История драмы, вообще, представляет освобождение начала действующего от разъяснений, объяснений и резонерства. Каково бы ни было происхождение хора в древнегреческой трагедии — примкнем ли мы к взгляду Шлегеля или нет — совершенно очевидно, что строфы и антистрофы хора, во всяком случае, имеют смысл логического изъяснения и комментария к действию. Словно поэт убежден, имеет основания думать, что если хор не подчеркнет, не растолкует, не отразит на себе происходящего, то зрители, публика не уяснят себе, как должно, хода действия, а, во-вторых, не оценят его морального, религиозного значения. То соображение, что хор принимал участие в трагедии, жил в трагическом действе, предводительствуя, так сказать, толпою — нисколько не противоречит высказанному взгляду. Все-таки вполне ясно и неопровержимо, что слово трагедии доходило до публики не непосредственно, но через среду хора, заиливаясь при его помощи и отражаясь в его переживаниях. То же самое мы наблюдаем во всех обрядах богослужения. Слово священнослужителя подхватывает {145} хор, объясняя, распространяя и подтверждая его, и уже вслед за тем наступает, собственно говоря, молитвословное участие толпы. Хор был рефлектором трагического действа, и на примере хора показывалось, как, в каком направлении и смысле следует реагировать на ход трагедии.

Обратимся ли мы, положим, к старинным пьесам европейского театра, например, к «моралитэ», мы вновь наталкиваемся на весьма резкий и определенный признак повторного объяснения хода действия. Я имею в виду толкование и чтение ремарок особо приставленным лицом. Автор не довольствуется тем, что зрители услышат речи действующих и увидят их поступки. Будет ли все понятно как должно? И вестник, или комментатор, стоя на авансцене, вставляет свои замечания и объясняет, что де такой-то «закалывает оного и уходит». Постепенно — это можно без труда усмотреть на образцах театра в исторической последовательности — роль такого изъяснителя сокращается или видоизменяется, но на структуре пьес толкование, комментарий, изъяснение хода действия оставляют заметный след, нередко определяя все построение. Резонер, стародум является неизбежным персонажем. Сплошь и рядом, даже в новом репертуаре, персонаж этот не имеет, собственно, ни малейшего касательства к пьесе, и, тем не менее, говорит, говорит, говорит — умно, возвышенно, добродушно, остроумно, язвительно — разжевывая мораль и раскусывая орех интриги для зрителей. Такие техники и мастера сцены, как Сарду, например, пользовались резонером «широкою рукою» и, как известно, в свое время, не имели повода на это жаловаться.

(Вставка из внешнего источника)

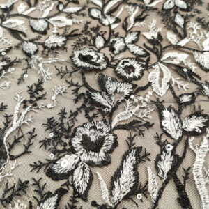€30,00Il prezzo originale era: €30,00.€14,00Il prezzo attuale è: €14,00. al metroTessuto Tulle mano seta ricamato motivo floreale bianco – nero
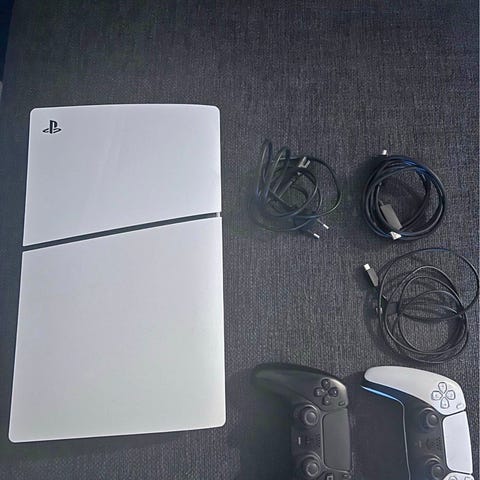 Sælger min PS5 Slim med disk drev. Der medfølger kabler, 2 controllers, plastik stander og 4 spil:
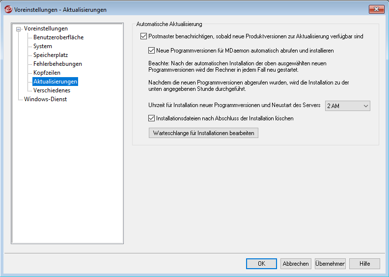 Dort können Sie durch die Optionen "Postmaster benachrichtigen, sobald neue Produktversion zu Aktualisierung verfügbar sind" und "Neue Programmversionen für MDaemon automatisch abrufen und installieren" die automatische Softwareaktualisierung einschalten.
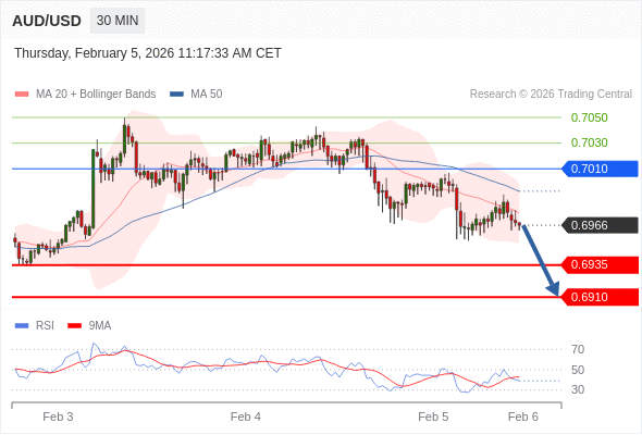 在 0.7010 之下,看跌,目标价位为 0.6935 ,然后为 0.6910 。

Если искать одного общего наиболее простого и наиболее рельефного признака роста театральной публики, то можно сказать, что публика стоит тем выше, чем менее она нуждается в объяснениях и комментариях, схватывая сущность явления и его этическую ценность из одной лишь комбинации фактов и положений. Чем менее культурен театральный зритель, тем более он нуждается в изъяснении дела, в последовательном {146} и так сказать, прагматическом изложении событий и в подробной, обстоятельной характеристике действующих лиц. И обратно.

Обилие изъяснительного элемента в театре выражается не только в резонерстве и в морализировании автора через посредство известных персонажей. Оно сказывается также в так называемой «экспозиции пьесы». В архитектонике драмы экспозиция занимает выдающееся, можно сказать, «почетнейшее» место. «Экспозиция пьесы» — это такое изложение ее завязки, при которой зрителю совершенно ясно, кто такие действующие лица, какова их предшествующая жизнь, какие у них характеры и пр. Общественное положение, образование, имущественное состояние, звание, имя, фамилия, отчество — ничто не должно быть упущено. Из хорошей экспозиции все это должно быть отчетливо видно, как из ведомости статистического и антропометрического бюро. В старину все это преподносилось наивнее, теперь — похитрее, но сущность неизменна. У Островского (особенно в «сотруднических» с Соловьевым пьесах) вступительная лекция обыкновенно читалась старыми слугами. Припомните, например, «Светит да не греет». Старые слуги перемывают чашки и одновременно перемывают косточки героев. Когда появляется Ренева, вы уже досконально знаете, с кем имеете дело, — до такой степени знаете, что в общих чертах знаете и будущую ее жизнь.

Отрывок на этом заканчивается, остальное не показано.